Maximum Value Complex Function

[ChemEng1]

Homework Statement

Find the maximum value of |(z-1)(z+1/2)| for |z|≤1.

Homework Equations

Calculus min/max concepts?

The Attempt at a Solution

Let f(z)=|(z-1)(z+1/2)|. Observe f(z) is the product of 2 analytic functions on |z|≤1, g(z)=z-1 and h(z)=z+1/2. Therefore f(z) is analytic on |z|≤1. Since f(z) is analytic on |z|≤1, it is continuous on the same domain.

f'(z)=2z-1/2.

Critical points at z=1 and 1/4.

f(1)=0
f(1/4)=9/16

The maximum value of |(z-1)(z+1/2)| for |z|≤1 is 9/16.

Is this close? I suspect I'm missing something fundamental as this doesn't use any complex analysis content.

 

[tt2348]

is the question asking for the modulus of (z-1)(z+1/2)?

 

[tt2348]

because in that case, it won't follow like a normal equation. modulus(z) is not a complex differentiable function. since all the components of your functions only affect your real part, try using i, or -i

 

[Dick]

The complex analysis concept you are missing is the maximum modulus theorem. Parametrize the boundary and look for the maximum there.

 

[ChemEng1]

How does this look?

Let |z|≤1 be a domain, D. Let f(z)=(z-1)(z+1/2). Observe f(z) is the product of 2 analytic functions: g(z)=z-1 and h(z)=z+1/2. Therefore f(z) is analytic on D. Since f(z) is analytic on D, it is also continuous on D. By Maximum Modulus Theorem, the max|f(z)| occurs on the boundary of D.

f(z)=(z-1)(z+1/2). Let z=e^iθ. f(e^iθ)=(e^iθ-1)(e^iθ+1/2)=e^2iθ-e^iθ/2-1/2=cos(2θ)+isin(2θ)-cos(θ)/2-isin(θ)/2-1/2.

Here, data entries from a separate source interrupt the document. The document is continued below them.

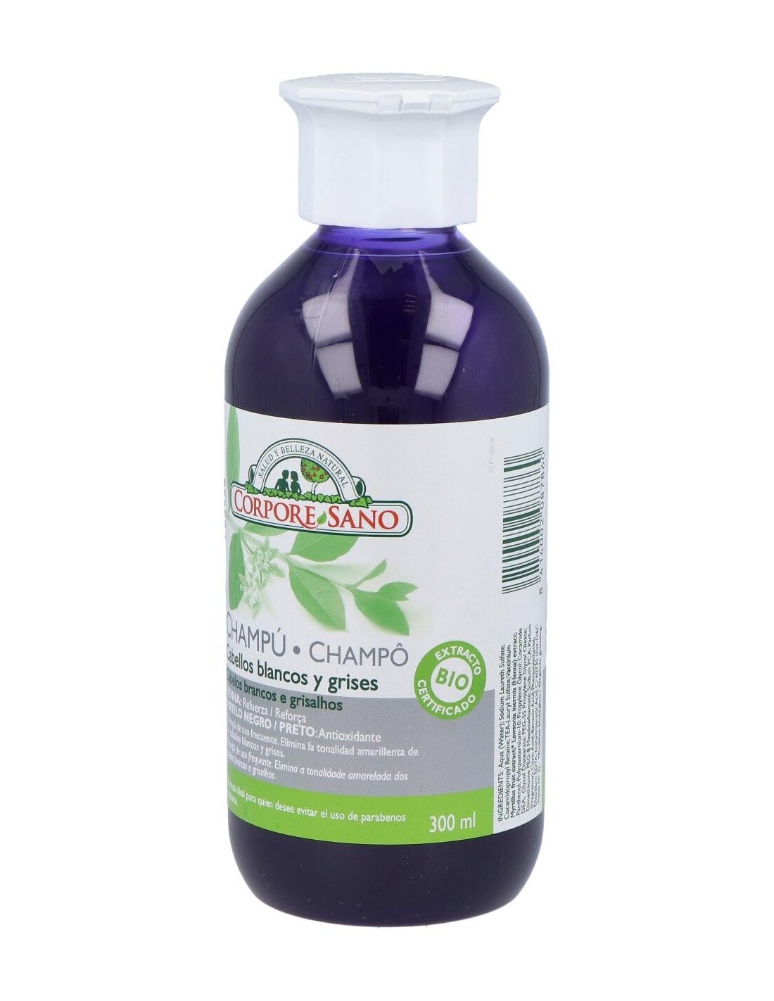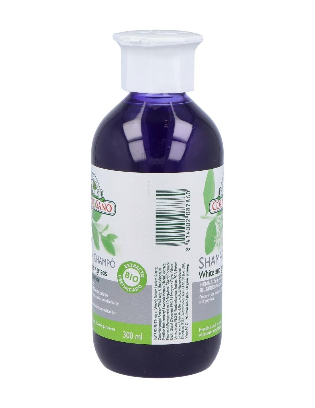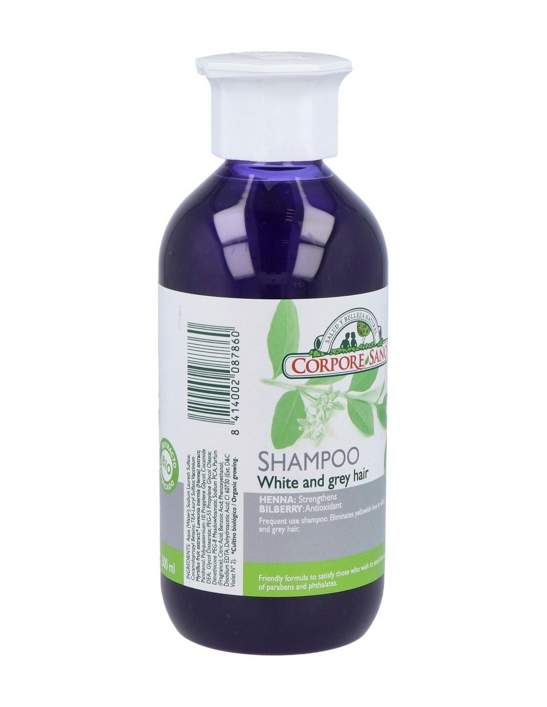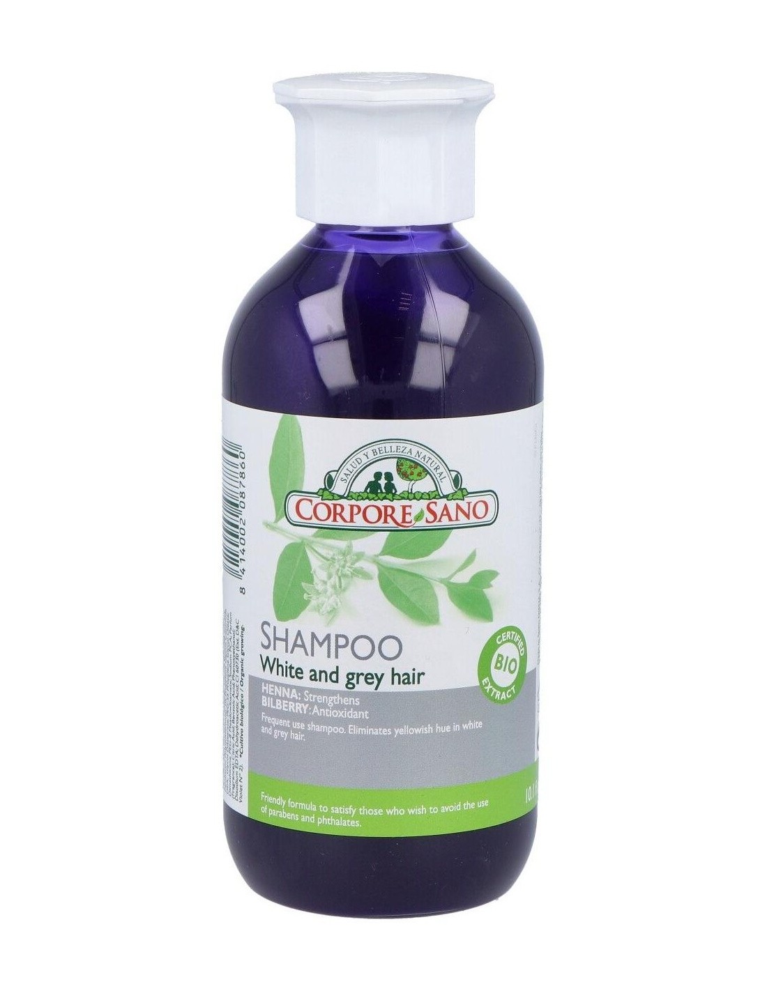 Corpore Sano champú henna cabellos blancos consigue reavivar y proteger el color del cabello, especialmente en los casos en los que estos son grises y blancos. Reduce por completo el color amarillento de tu pelo, gracias a sus extractos de arándanos y limnanthes alba.
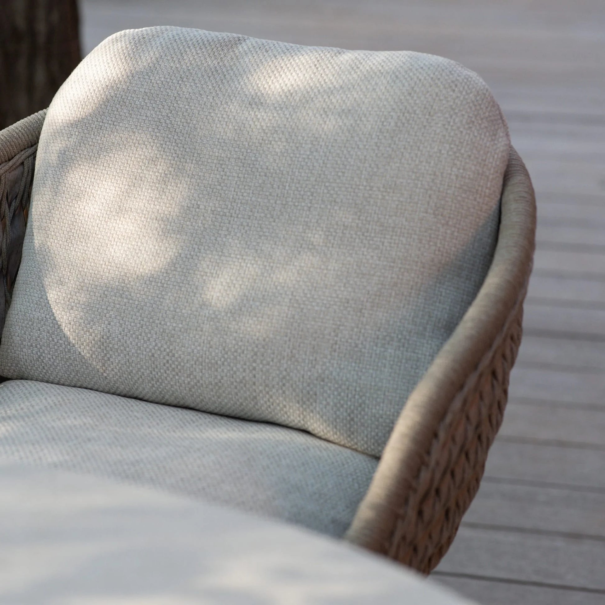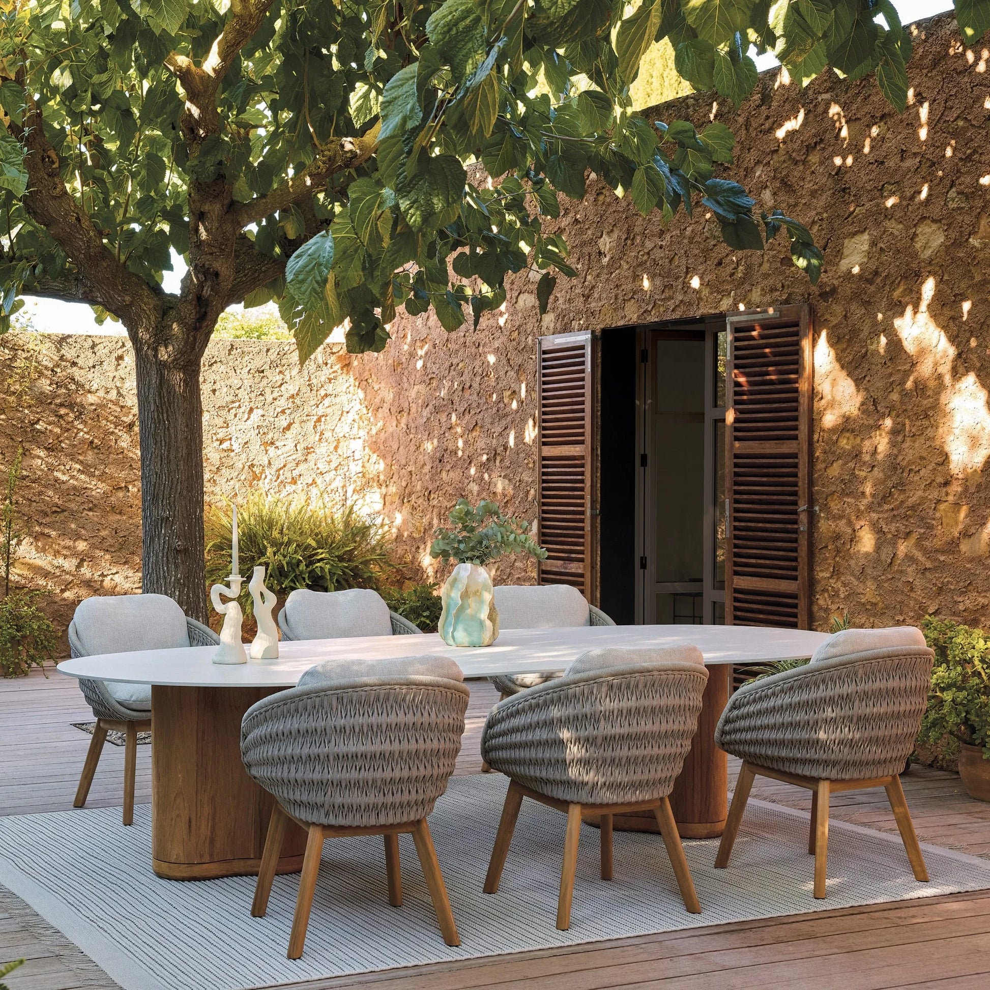 A fusion of innovation and craftsmanship, this collection by Belgian manufacturer Manutti is distinguished by organic curves that perfectly complement the outdoors and a mix of luxurious, weather-resistant materials. Indulge in the comfort of the Sandua chair for an unparalleled seating experience. Its woven seat with an enveloping shape, set on slender, teak wood legs, is topped with soft cushions for the sort of relaxation that makes you lose track of time.
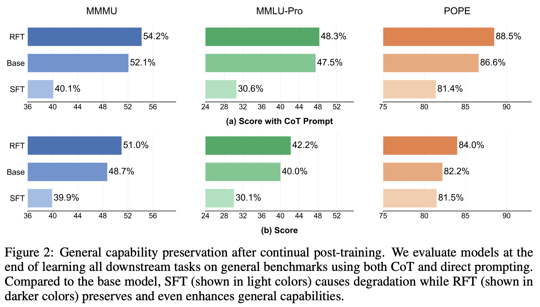 Influence on general capabilities. In the same vein, SFT-based continual post-training also degrades general model capabilities; see below. In contrast, we see in [1] that RL maintains—or even slightly enhances—performance on general benchmarks. For example, models sequentially trained with GRPO improve from an initial accuracy of 52.1% to a final accuracy of 54.2% on MMMU!
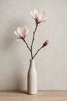 Deze kunstprint vangt de serene schoonheid van de magnolia in volle glorie. Twee open bloemen en een knop staan elegant op een tak, geplaatst in een slanke aardetint vaas. De zachte roze en witte tinten van de bloemblaadjes vormen een harmonieus contrast met de neutrale achtergrond en benadrukken de natuurlijke elegantie van deze bloem.
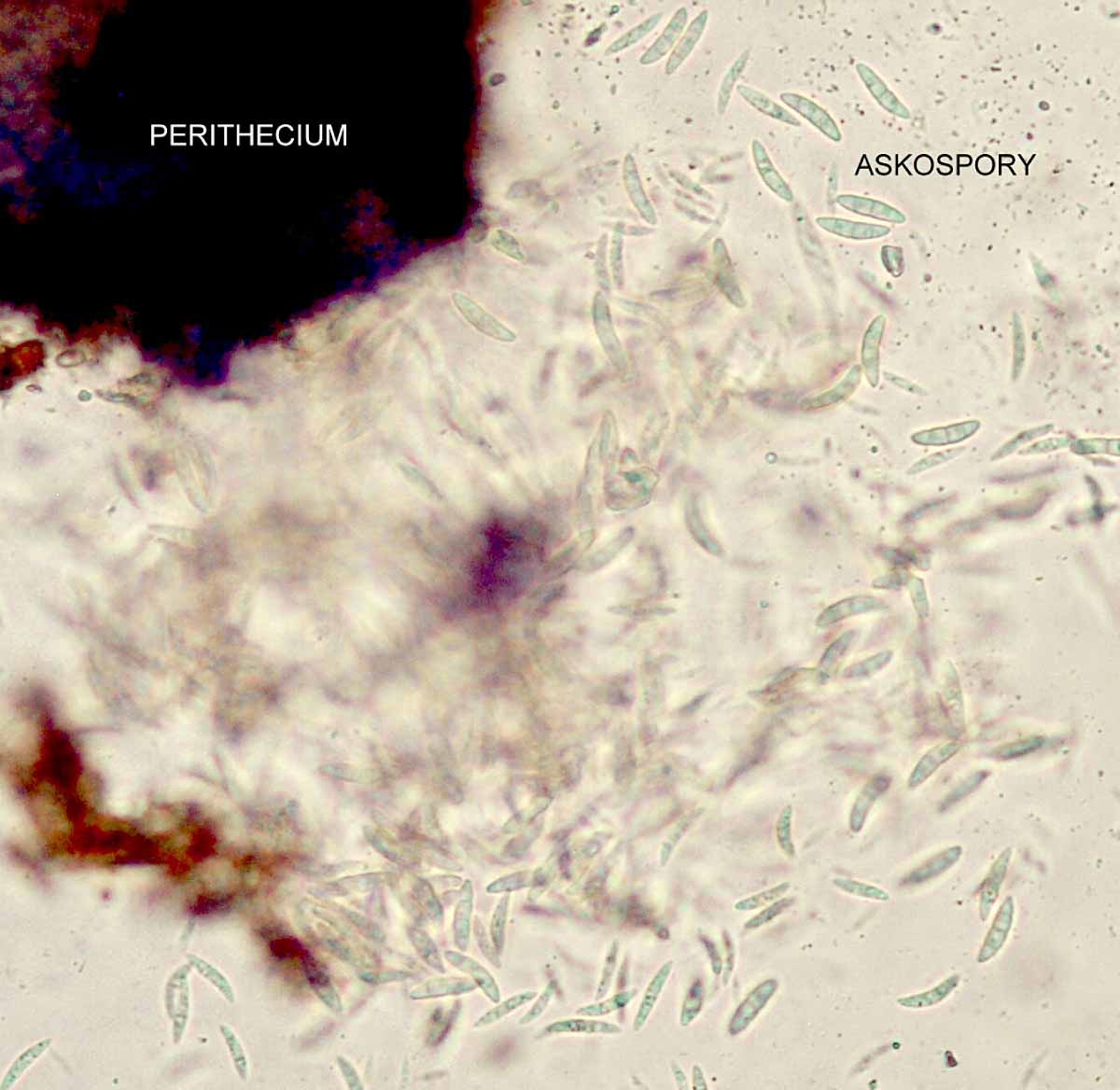 Obr. 4: Zralé askospory uvolněné z perithecia
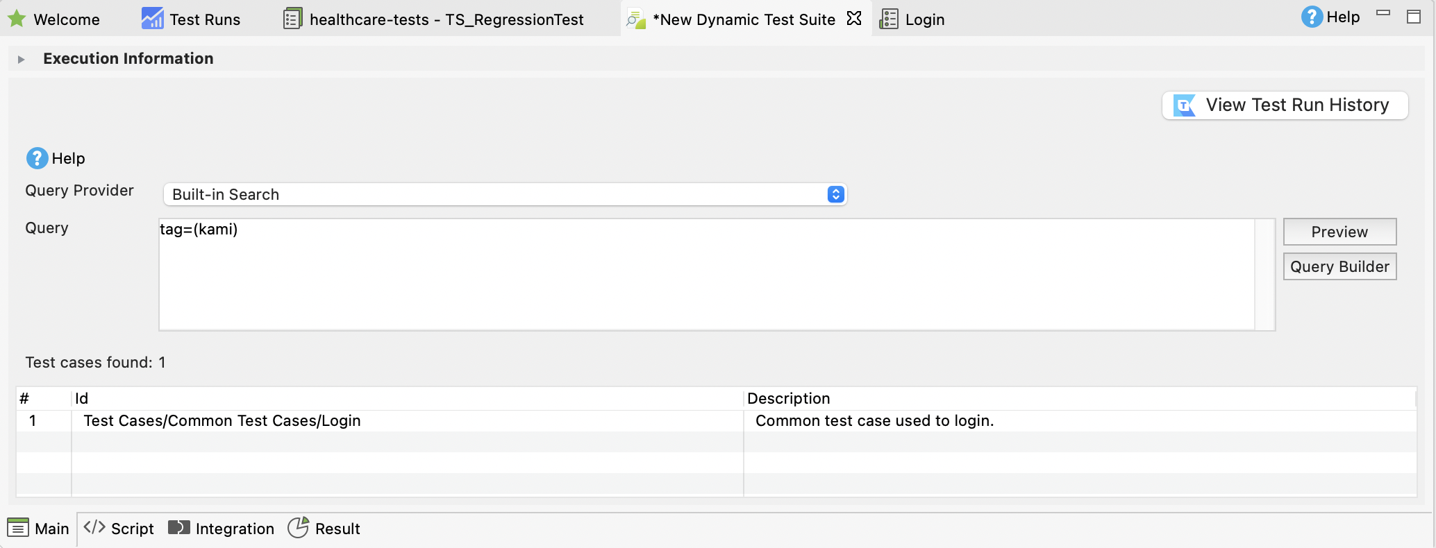 A dynamic test suite (DTS) is a test suite with multiple test cases added via a search query. You can dynamically add test cases based on the ID, name, tag, comment, and description of a test case.
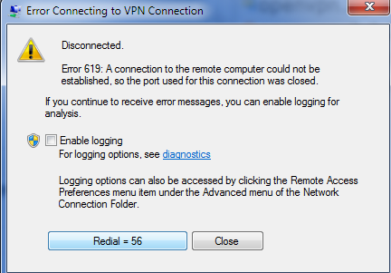 Løsning: Denne fejlkode dukker op, når klientenheden har mistet sin forbindelse til et lokalt netværk; en netværksfirewall blokerer VPN-trafik; eller brugeren har skrevet et forkerte navn/adresse for VPN-serveren. Sikre dig, at du har de rigtige VPN-server informationer. Hvis alt er fint, så sikre dig at din firewall ikke er konfigureret til at blokere VPN-forbindelser. En firewall opgradering til at specificere hvilket port nummer din VPN bruger, kan være nødvendigt.
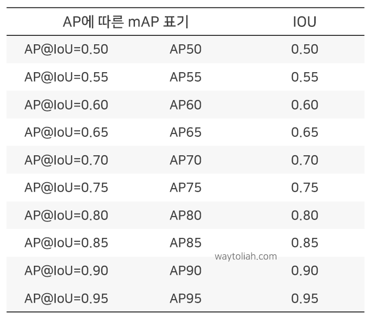 - IOU의 threshold 값은 각각 다른 AP 지표를 제공하므로 사용되는 threshold를 항상 표시해야 함
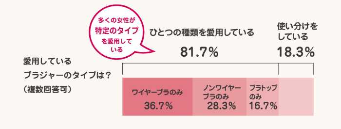 ワコールが20代~50代女性2,000人を対象に行った調査では、「ワイヤーブラのみ(36.7%)」が最多で、「ノンワイヤーブラのみ(28.3%)」「ブラトップのみ(16.7%)」が続きました。
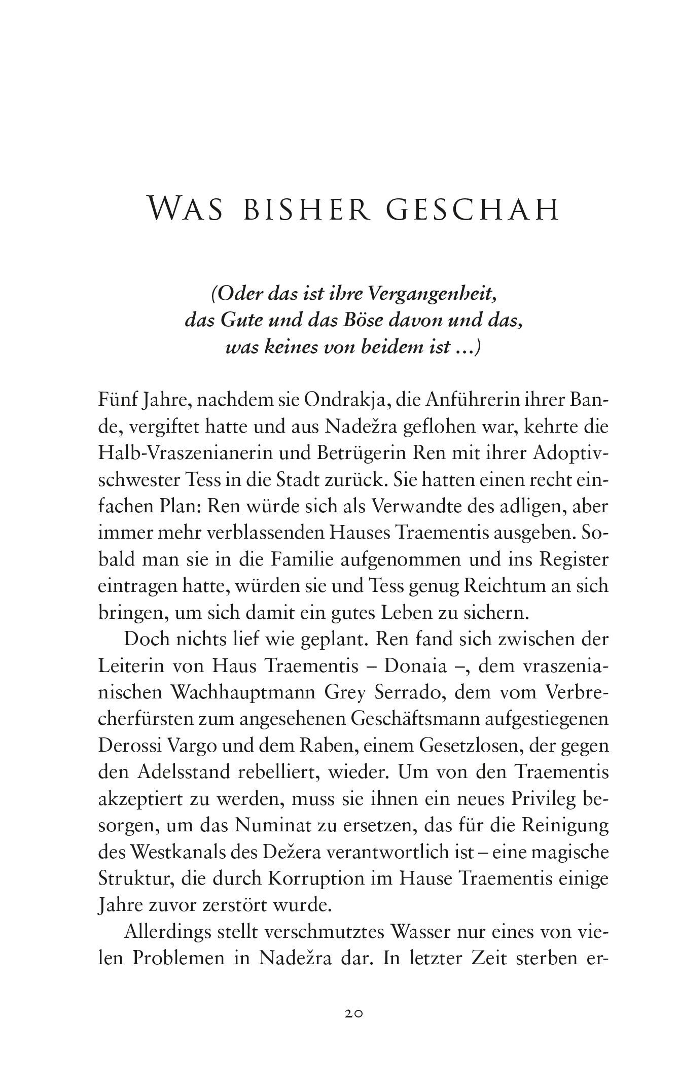 In Nadera ist der Frieden so zerbrechlich wie ein Faden. Eines der skrupellosesten Häuser der Stadt wurde zerstört, doch die Dunkelheit wabert noch immer durch die schmutzigen Gassen und prächtigen Gärten der Stadt. In diesem Netz aus Lügen kann sich Ren nur a...
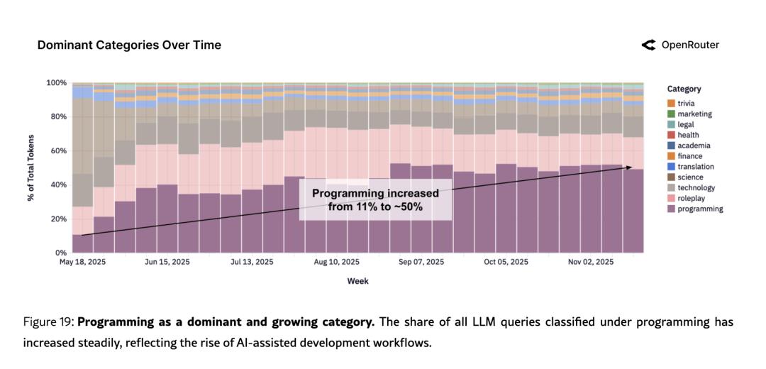 OpenRouter与a16z联合发布的《2025 AI使用报告》,覆盖超100万亿Token的匿名元数据。里面有一组数据极其关键——编程任务的Token占比从2025年初的11%飙到了50%以上,成为平台最大的单一使用品类。同时,Agent驱动的工作流(模型自主执行多步骤任务)产生的输出Token已超过平台总输出的一半。
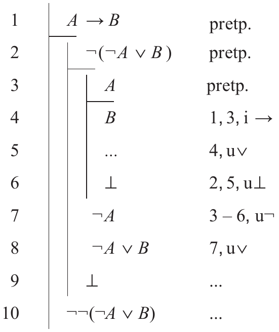 U sljedećemu dokazu provedenom naravnom (prirodnom) dedukcijom odredite sudove kojinedostaju u redcima u kojima su upisane tri točkice (...), a koji dokaz u cjelini čine točnim.
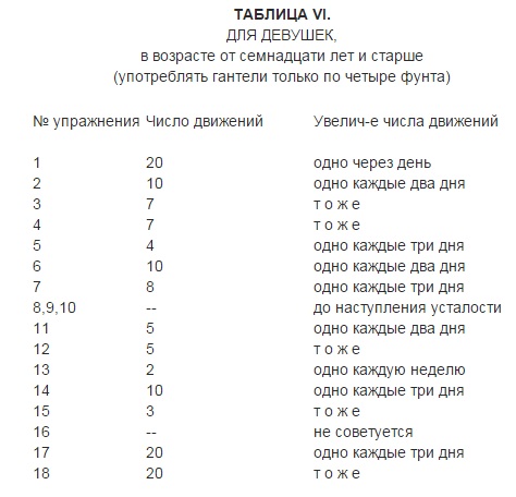 Весь комплекс выполняется без остановок, за 20-30 минут. Вес гантелей 2 кг. Постепенно вес гантелей надо увеличивать до 9 кг
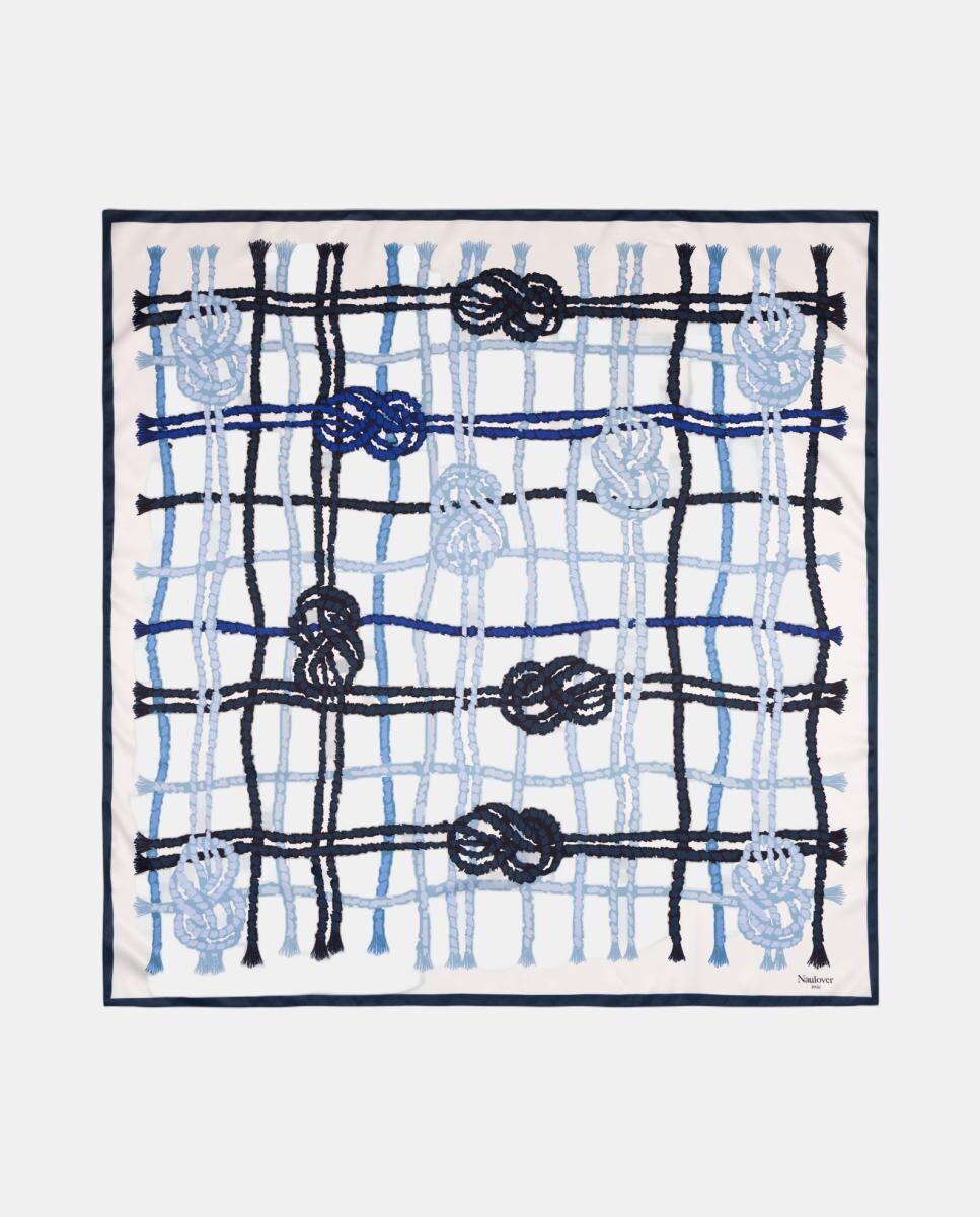 Lenço em Formato Carré com Estampado de Cordas e Nós Marinheiros.

Then |f(e^iθ)|=√(cos(2θ)-cos(θ)/2-1/2)²+(sin(2θ)-sin(θ)/2)². d/dθ|f(e^iθ)|=0→sin(θ)(8cos(θ)+1)=0→θ=k₁π for k₁=0,±1,... OR θ=cos^-1(-1/8)+2k₂π for k2=0,±1,...

|f(e^i*0)|=0
|f(e^{i*cos-1(-1/8)})|=√25/64+(sin(cos^-1(-1/8))-sin(cos^-1(-1/8))/2)²>0, and is the maximum value.

 

[Dick]

How does this look?

Let |z|≤1 be a domain, D. Let f(z)=(z-1)(z+1/2). Observe f(z) is the product of 2 analytic functions: g(z)=z-1 and h(z)=z+1/2. Therefore f(z) is analytic on D. Since f(z) is analytic on D, it is also continuous on D. By Maximum Modulus Theorem, the max|f(z)| occurs on the boundary of D.

f(z)=(z-1)(z+1/2). Let z=e^iθ. f(e^iθ)=(e^iθ-1)(e^iθ+1/2)=e^2iθ-e^iθ/2-1/2=cos(2θ)+isin(2θ)-cos(θ)/2-isin(θ)/2-1/2.

Then |f(e^iθ)|=√(cos(2θ)-cos(θ)/2-1/2)²+(sin(2θ)-sin(θ)/2)². d/dθ|f(e^iθ)|=0→sin(θ)(8cos(θ)+1)=0→θ=k₁π for k₁=0,±1,... OR θ=cos^-1(-1/8)+2k₂π for k2=0,±1,...

|f(e^i*0)|=0
|f(e^{i*cos-1(-1/8)})|=√25/64+(sin(cos^-1(-1/8))-sin(cos^-1(-1/8))/2)²>0, and is the maximum value.

Looks pretty ok to me. I'm getting a max at theta=arccos(-1/8) as well.

 

[ChemEng1]

Thanks for the help, Dick. I really appreciate it.